Now, passion is tricky because it’s part talent, part love, and part just sticking with it. But if your recurring duties at work constantly make you feel like you’re bouncing around in a pressure cooker, they’re the wrong kind of duties.

The obligations of being a mom are different from the accountability of a CEO and have little in common with the burdens of a remote freelancer. No, you won’t get insta-rich from nailing this choice, but making it will make your life easier. Because we’re all good at being responsible for different things.

We often underestimate the negative impact a responsibility mismatch can have. A lot of us are running around like chickens, work always feels like work, and oh the stress of it all. But if we don’t learn to love the boring days, the exciting ones can never fill this huge hole in our everyday happiness.

The question, “why are you doing what you’re doing?” has many complex answers. But even if we aggregate them into high-level themes like fame, fortune, and freedom, at the end of the day, they all come down to this: “Because my goal comes with responsibilities I feel good about carrying.”

Think about it. Everything is accountable. And — for better or for worse — you’re the one getting all the credit. At the end of your life, you’ll either regret many things or just a few, but it’s all a reflection of how much responsibility you took in deciding what you did with your time. That’s a burden we can never shed, no matter what goals we dedicate ourselves to.

And so it’s not the absence of responsibility that makes us happy, but choosing the right set at the right time — picking duties we love fulfilling and that we feel confident we can deliver on. Maybe, why we do things isn’t as important as those things feeling light enough for us to not crack under their pressure.

Maybe, the better question is:

What kind of responsibility feels the lightest in your mind?

If we answer it correctly, we’ll always feel free. Regardless of our obligations.

Freedom From Within

Socrates supposedly said that “the unexamined life is not worth living.” If all we do is imitate those we admire, we might one day wake up and wonder what it’d feel like to truly be ourselves.
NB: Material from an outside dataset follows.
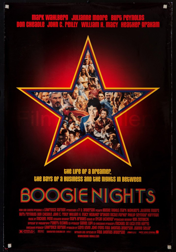 The cast includes of course Mark Wahlberg in the lead role as Dirk Diggler, with all-star support from Burt Reynolds, Julianne Moore, Heather Graham, John C. Reilly, Don Cheadle, William H. Macy, Phillip Seymour Hoffman, Luis Guzmán, and it features many real-live adult film stars, which is a nice touch, but wholly unnecessary. The cast works well together and performs with great stamina over the 156 minute runtime. The acting is superb across the board, especially at the climax. However, one might argue there are multiple climaxes seen on-screen.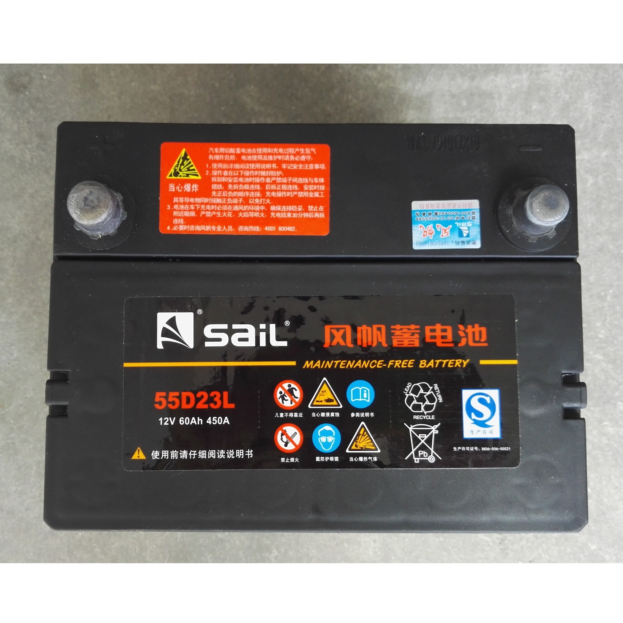 Vehicle storage battery 12V sail storage battery 55D23L storage battery 60AH12V Maintenance-free

But nowadays, a lot of us pondering this idea associate it with complete and utter freedom — financial independence and a total lack of responsibilities. This isn’t just unrealistic, it’s delusional. Because the concept of responsibility itself will never vanish from our lives.

Only once we accept that we’ll always carry some degree of duty — that, as humans, we’re meant to — can we start choosing our obligations deliberately. These choices will dictate what we channel our energy into and how we design our lives, but they should ripple from the inside out.

Whatever we stand for should make us feel proud, and we should want to approach it with love and care, because when we do, we won’t mind the pressure our goals often put on us. We’ll enjoy our routines and our pace.

Most of all, we’ll learn to be happy and free, no matter how many hats we wear or whose expectations we need to fulfill.

And there’s nothing accidental about that.